Capitalism, colonialism, and primitive accumulation
James opens The Black Jacobins by surveying the European conquest of the New World and their occupation of the island that would become Haiti:
The Spaniards, the most advanced Europeans of their day, annexed the island, called it Hispaniola, and took the backward natives under their protection. They introduced forced labor in mines, murder, rape, bloodhounds, strange diseases, and artificial famine (by the destruction of cultivation to starve the rebellious). These and other requirements of the higher civilization reduced the native population from an estimated half-a-million, perhaps a million, to 60,000 in 15 years (4).3
This plunder of the New World was part of what Marx called the “primitive accumulation” that fertilized European capitalism within the womb of feudalism. In Europe, the process was marked by the expropriation of peasants from their land, creating a “free” population that would form the basis of a wage working class. Meanwhile in the early colonies, merchant capitalists turned to chattel slavery to work the plantations that produced commodities and surplus for the system back in Europe. The emerging capitalist classes amassed fantastic fortunes and power that brought them into conflict with the feudal regimes, triggering the great bourgeois revolutions of the eighteenth century.Spain, England, and France battled over control of Hispaniola as part of this plunder and exploitation of the New World. Finally in 1679, France and Spain agreed to divide the island between themselves. Spain retained control of the eastern side of the island and called it San Domingo, while the French won control of the eastern half and named it San Domingue. In the space of one hundred years, French merchants and planters turned San Domingue into a site of boundless horror and seemingly limitless profit that fueled French capitalism.

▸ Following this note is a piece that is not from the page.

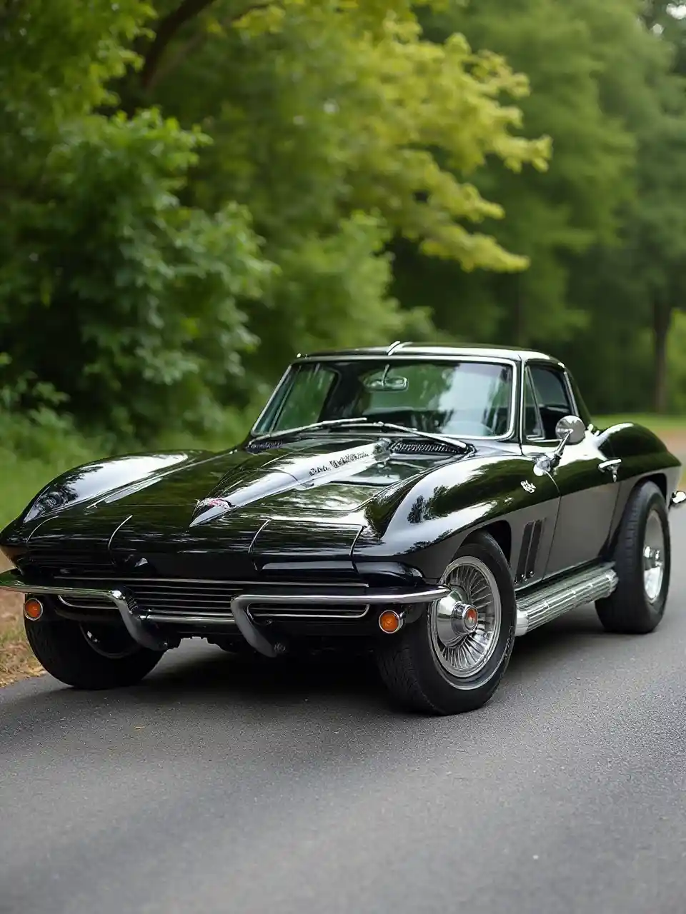 Kwa kuwa na umbo la nje lenye kuvutia na nyeusi, gari la kifahari la Corvette huvutia kwa misuli yake yenye misuli na rangi ya chromium. Gari hilo liko mahali panapoonekana vizuri kwenye barabara iliyofunikwa kwa mawe, na pande zake zimefunikwa na mimea mingi, na hilo linadokeza mazingira ya nje yenye amani, labda wakati wa mchana. Sura yake ya hewa ni yalionyesha na kumaliza kutafakari ambayo inaonyesha majani ya karibu, wakati bold branding mbele na kipekee gurudumu kubuni kuongeza style. Hali ya jumla huonyesha uhakika na kutamani, ikionyesha kiini cha ufundi wa magari ya Marekani kwa kupendeza na nguvu.

At the time, France was ruled by an absolutist monarchy, which represented the feudal nobility but also facilitated the emerging capitalists. The lesser nobles, squeezed by the centralizing dynamics of the absolutist state, looked for new sources of wealth and became planters in the colony. The monarchy gave French merchants a monopoly on trade, the infamous exclusif. The merchants used the trade and consequent profits to develop the port cities, the heart of early French capitalism, like Nantes, Bordeaux and Marseilles that would generate many of the early leaders of the French Revolution.